# [Assigned task]
Within the records that follow, restate exactly the lines from the line with "Viscose Georgette Heavy" down to the line with "Kinyongia (derived from", including both. Omit the pictures.

========

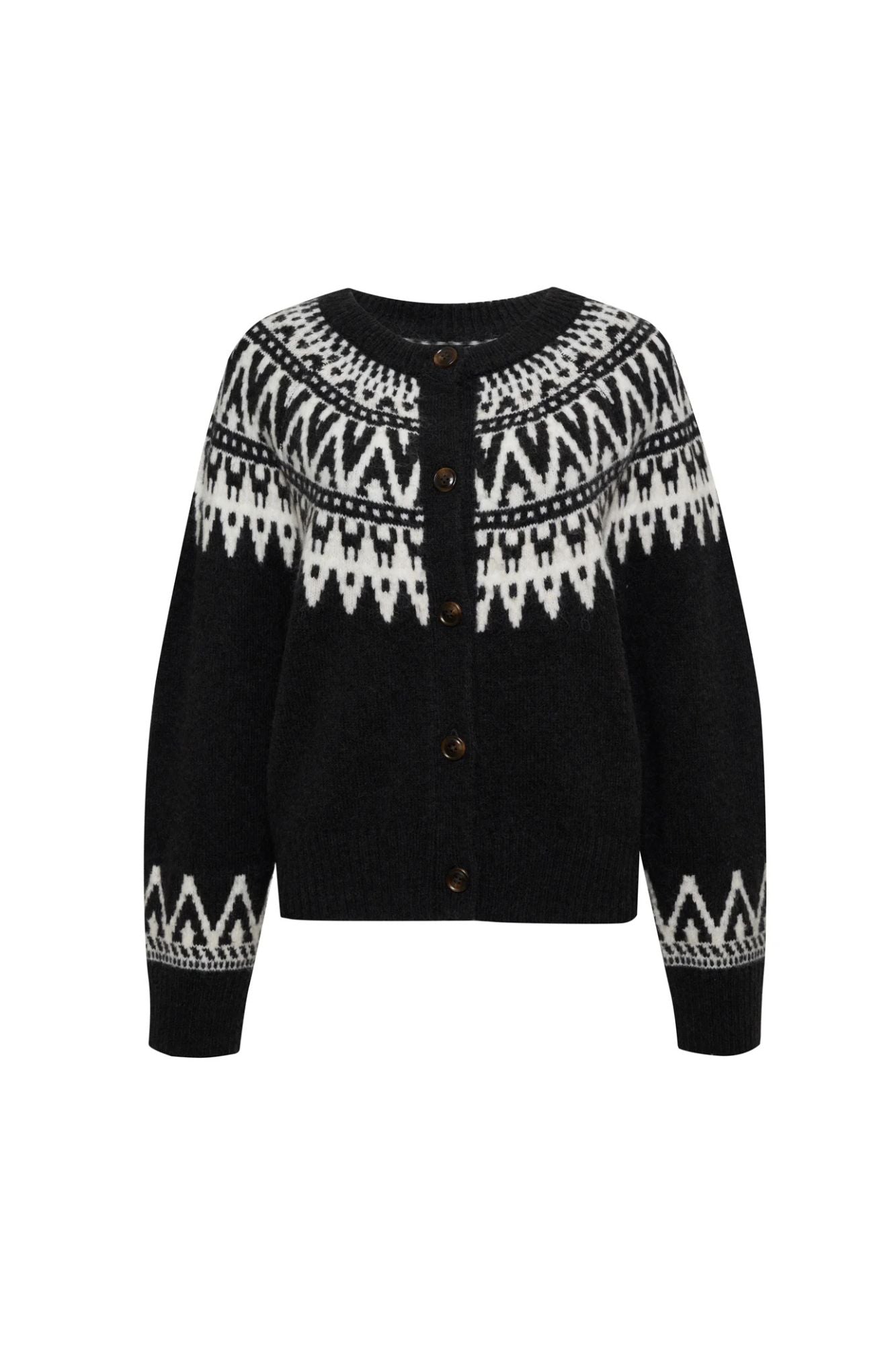 This Fairisle Crewneck Cardi combines classic style with conscious design. Featuring a button-front closure and ribbed cuffs, it offers a relaxed fit that ensures comfort all day long. Crafted from sustainably sourced recycled polyester, this cardigan not only keeps you cozy but also supports eco-friendly fashion choices. Elevate your wardrobe with a piece that blends timeless appeal and responsible materials.
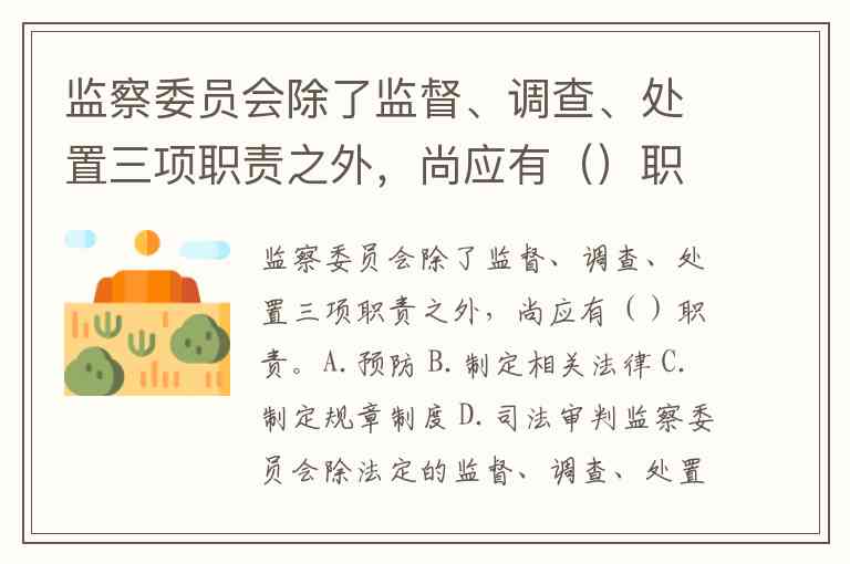 监察委员会除了监督、调查、处置三项职责之外,尚应有()职责。A.预防 B.制定相关法律 C.制定规章制度 D.司法审判
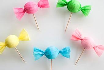 Recortamos rectángulos de papel crepe.Pasamos pegamento en la pelotita, la colocamos en el centro del rectángulo.Hacemos como un rollito usando, si necesario, unas gotitas de pegamento.Luego le damos forma de caramelo, atamos con hilo blanco y recortamos los sobrantes. Colocamos el palito en la parte inferior.
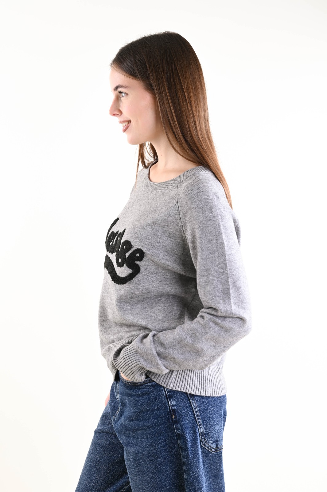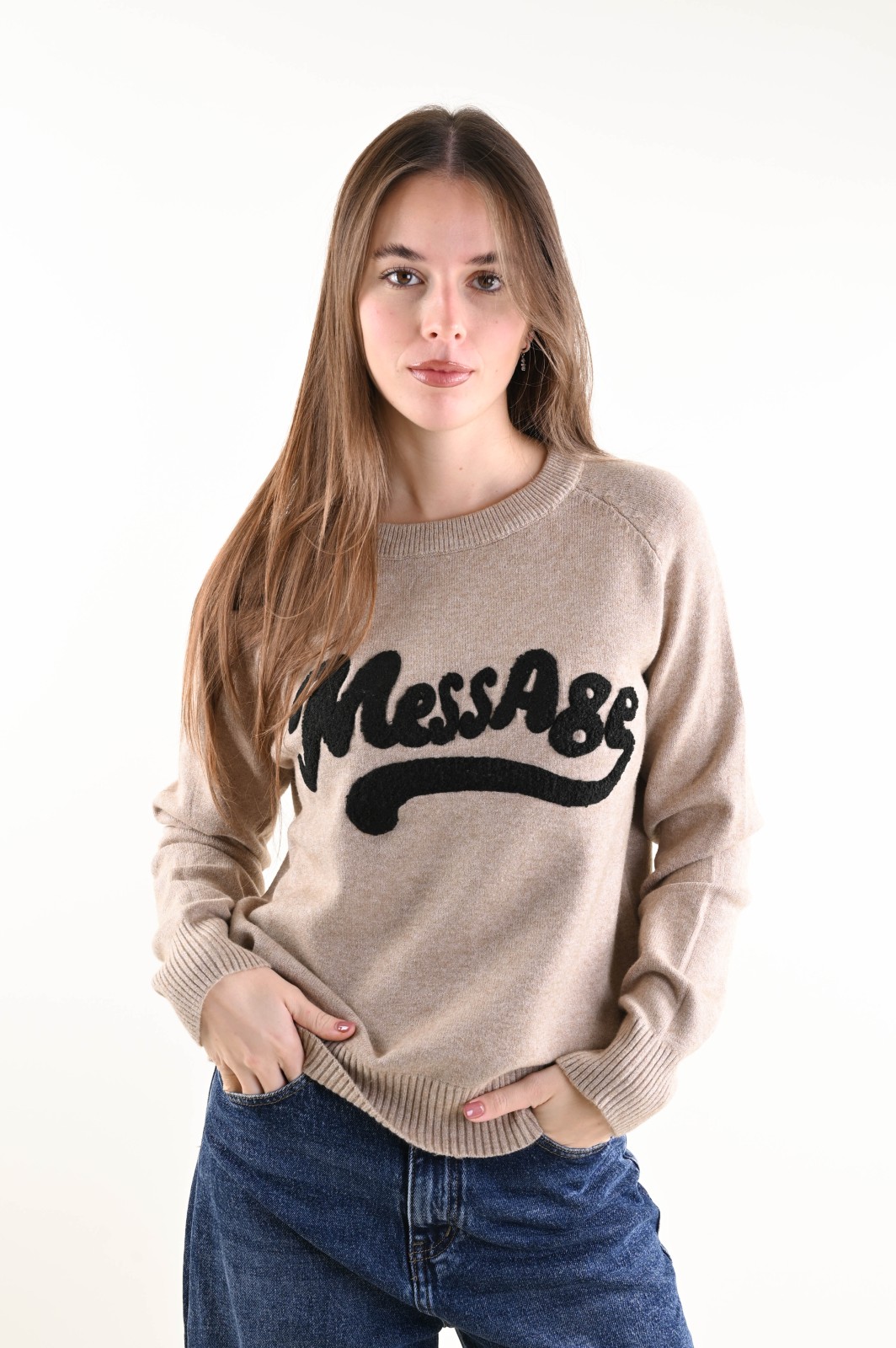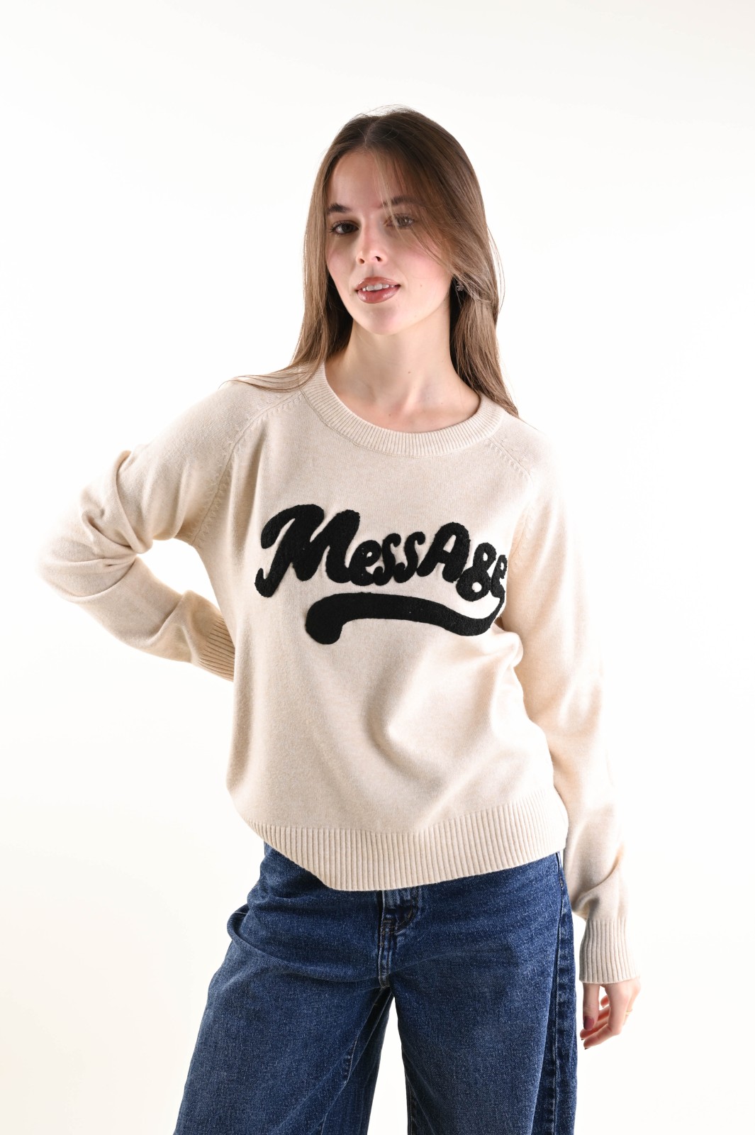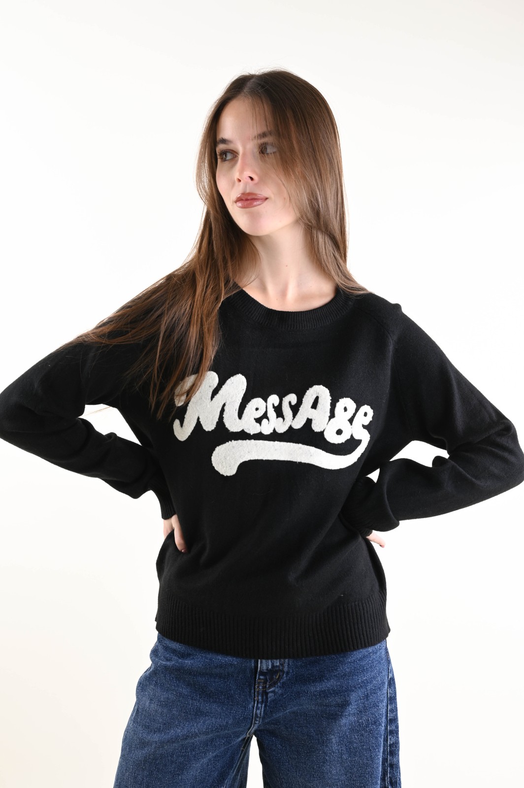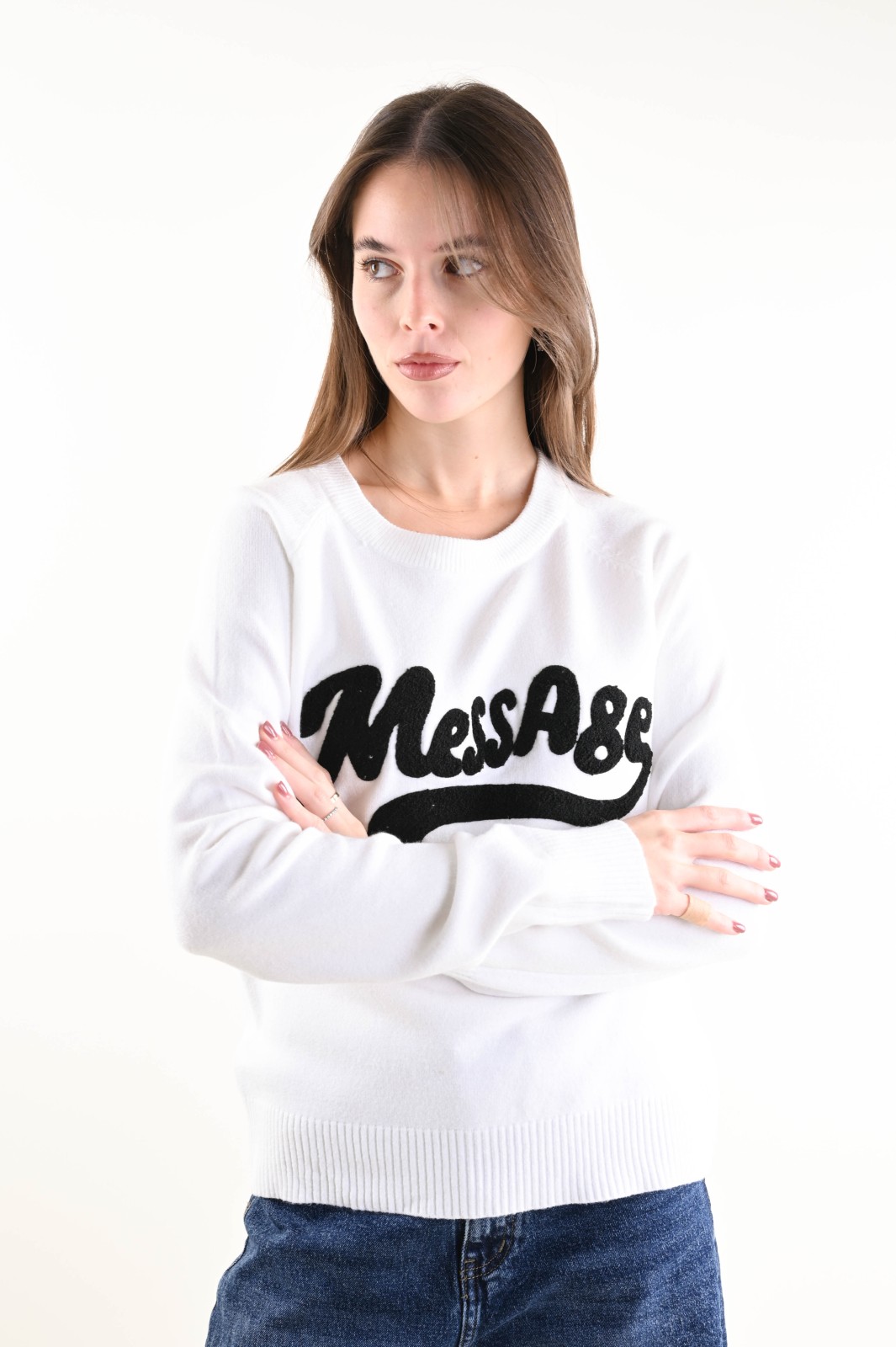 Crew-neck fine knit sweater featuring a raised “Mess Age” embroidery. A minimal design enhanced by contrasting lettering that adds a modern and bold touch to the look. A casual-chic piece perfect for creating contemporary outfits, easily paired with tailored trousers or denim for effortless elegance.
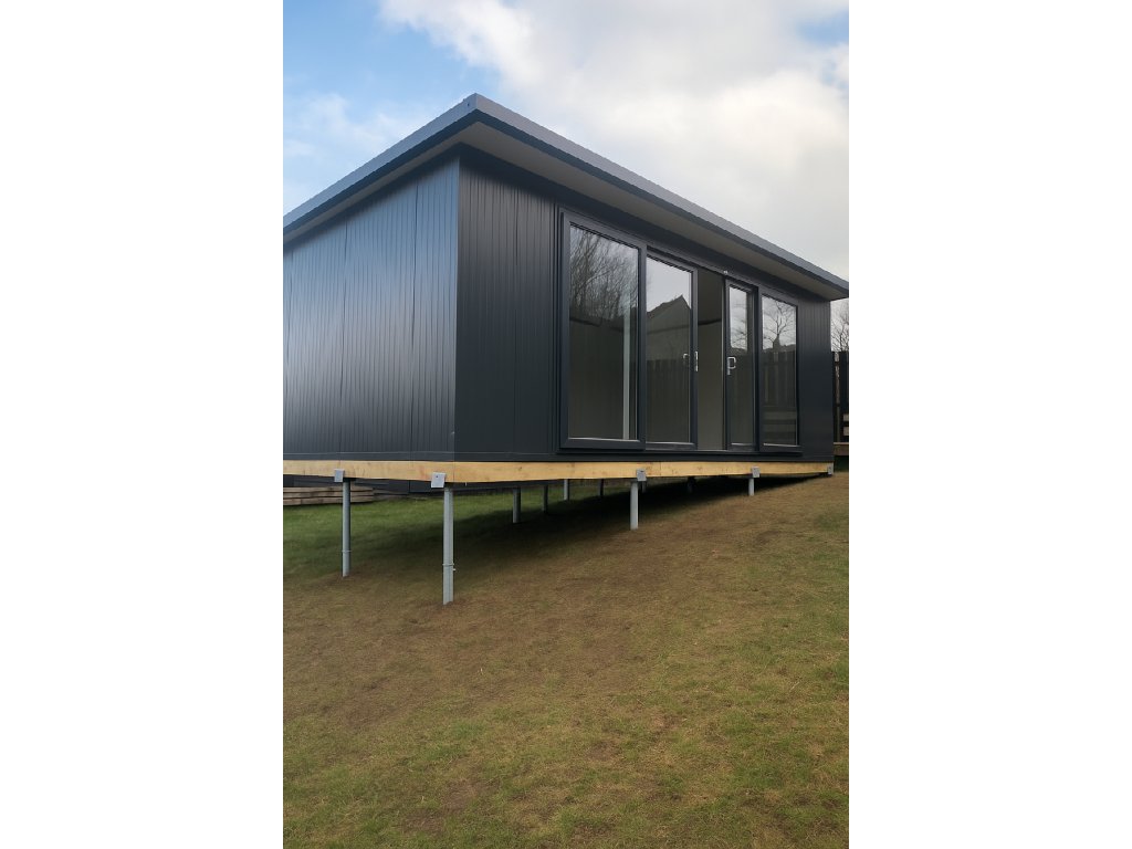 Prostorný montovaný domek v rozměru 6 × 3 m s velkoformátovým hliníkovým oknem 3000 × 2100 mm nabízí ještě více světla, prostoru a flexibility využití. Díky větší šířce prosklení působí interiér otevřeně a moderně, což z něj činí ideální řešení nejen pro kancelář, showroom, prodejní místo nebo zázemí pro podnikání, ale také pro soukromé využití u rodinného domu nebo na zahradě.
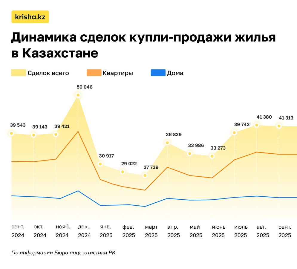 В сентябре рынок жилья Казахстана замедлился после летнего пика. За месяц зарегистрировали 41 313 сделок купли-продажи жилья — на 0.2% меньше, чем в августе.
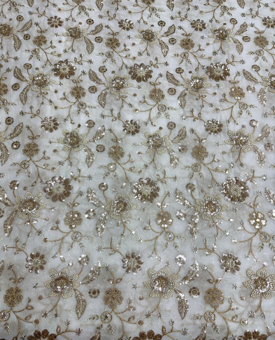 Viscose Georgette Heavy All Over Cutdana, Beads, Sequin Hand Work With Zari Jaal Design Embroidery
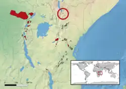 Kinyongia (derived from the group's name in Kiswahili language) is a genus of chameleons found in montane and sub-montane areas in Kenya, Tanzania, Uganda, Rwanda, Burundi, and far eastern DR Congo. They are restricted to forests, woodlands and other wooded habitats, and many species have very small geographic ranges. In most species, at least the males have horns or knobs on their noses.[1][2] As typical of most chameleons, Kinyongia are oviparous.[3]
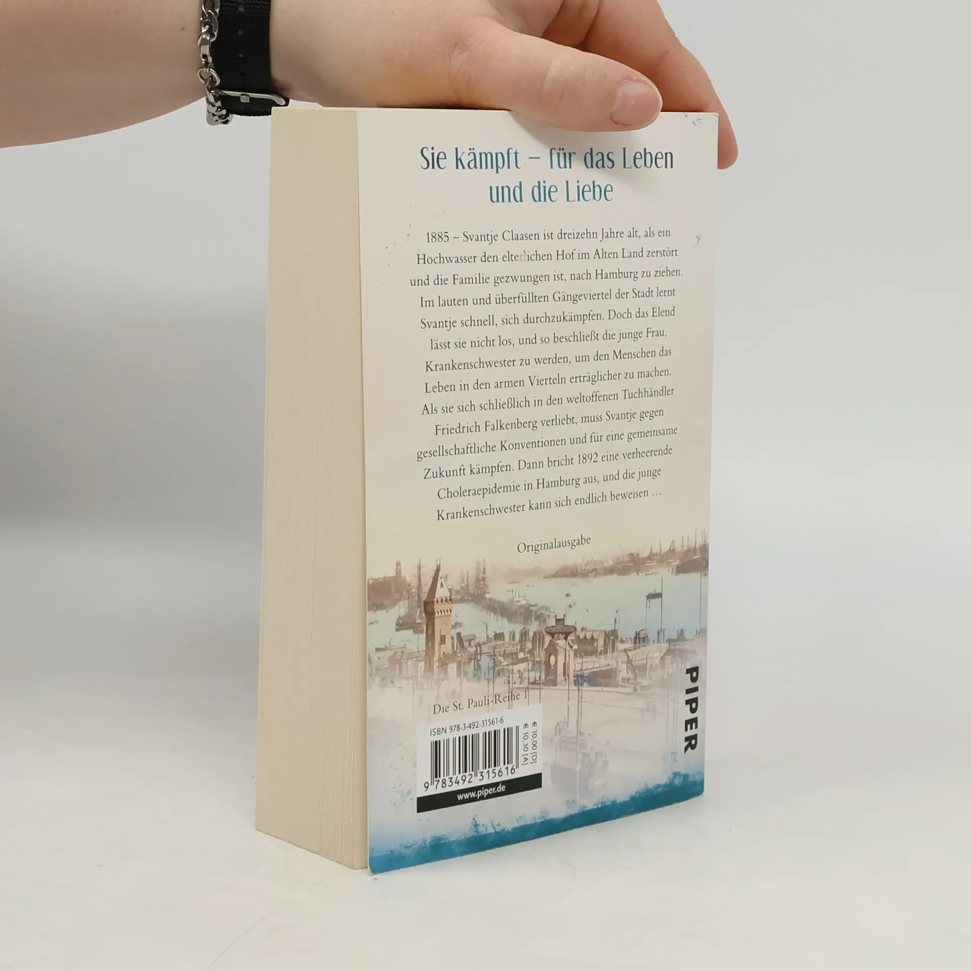 Eine junge Krankenschwester muss sich während der Cholera-Epidemie in Hamburg beweisen und kämpft um die Liebe ihres Lebens. Im Jahr 1885 wird die dreizehnjährige Svantje Claasen durch ein Hochwasser gezwungen, mit ihrer Familie nach Hamburg zu ziehen. Im überfüllten Gängeviertel lernt sie schnell, sich durchzuschlagen. Um den Menschen in den armen Vierteln zu helfen, entscheidet sich Svantje, Krankenschwester zu werden. Ihre Liebe zu dem weltoffenen Tuchhändler Friedrich Falkenberg stellt sie vor Herausforderungen, da sie gegen gesellschaftliche Konventionen ankämpfen muss. Als 1892 eine verheerende Choleraepidemie ausbricht, hat Svantje die Gelegenheit, sich zu beweisen. Die Geschichte, die von der Autorin Rebecca Maly mit dem Delia-Preis ausgezeichnet wurde, ist der erste Teil einer Trilogie, in der Svantje als starke Frau die Emanzipation verkörpert. Die Liebesgeschichte bietet große Gefühle, ein historisches Setting und eine Protagonistin, die für ihre Überzeugungen kämpft. Maly kombiniert die emotionale Handlung mit einem gut recherchierten historischen Hintergrund, der die zeitgenössischen Probleme der Charaktere greifbar macht, ohne die Spannung zu verlieren.

========

# [Response box]
 Viscose Georgette Heavy All Over Cutdana, Beads, Sequin Hand Work With Zari Jaal Design Embroidery
 Kinyongia (derived from the group's name in Kiswahili language) is a genus of chameleons found in montane and sub-montane areas in Kenya, Tanzania, Uganda, Rwanda, Burundi, and far eastern DR Congo. They are restricted to forests, woodlands and other wooded habitats, and many species have very small geographic ranges. In most species, at least the males have horns or knobs on their noses.[1][2] As typical of most chameleons, Kinyongia are oviparous.[3]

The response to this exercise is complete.